Colectas de la comarca

Desde Cedeira, en 1928, se envió «un grito de auxilio», recogió La Voz, para el amparo y protección de los familiares afectados, sobre todo de los más de treinta huérfanos. «Que la caridad pública acuda a remediar tanta desgracia y miseria». Así que, desde el primer momento, la respuesta fue enorme. Todos los concellos de la comarca, sobre todo Ferrol, realizaron colectas, así como los periódicos y las cofradías de pescadores, entre otras entidades.

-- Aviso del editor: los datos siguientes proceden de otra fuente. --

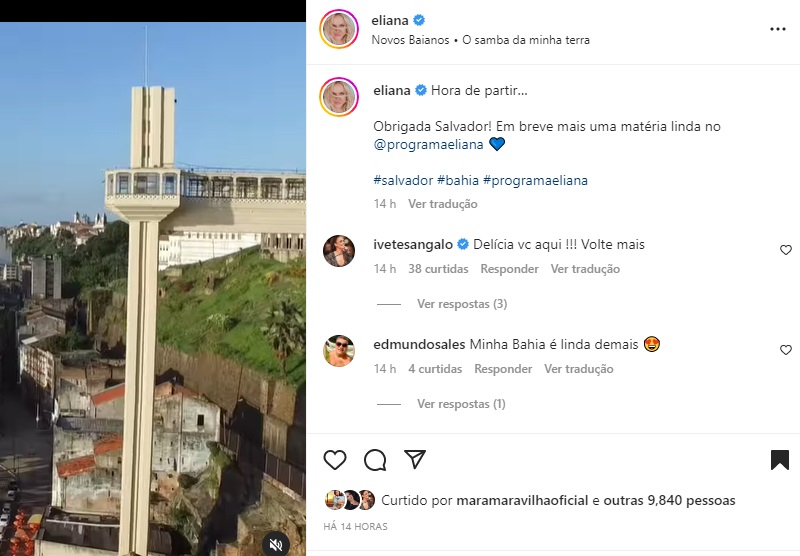 “Hora de partir… Obrigada Salvador! Em breve mais uma matéria linda no @programaeliana”, escreveu a apresentadora.

Este mes, la efeméride fue recuperada por el ferrolano Fernando Ocampo, al que se la había contado su padre, Carlos. «Mi padre participó con la Tropa de Exploradores en una cabalgata cuestación que recorrió la ciudad con una barca sobre un camión, donde iban varios huérfanos y donde la gente depositaba sus donativos», cuenta. De esos días es el origen de la calle Ferrol, al lado del Ayuntamiento de Cedeira, que la villa le dedicó a la urbe naval. «Calle del Ferrol. Dio amor grande a las familias de nuestros náufragos», está inscrito. El funeral se celebró el 4 de mayo de 1928 y asistió, entre otros, el gobernador militar de Ferrol. Allí, en la despedida, estuvo el pueblo entero, con especial representación de la gente del mar. Tras el multitudinario adiós, no quedó más que la placa.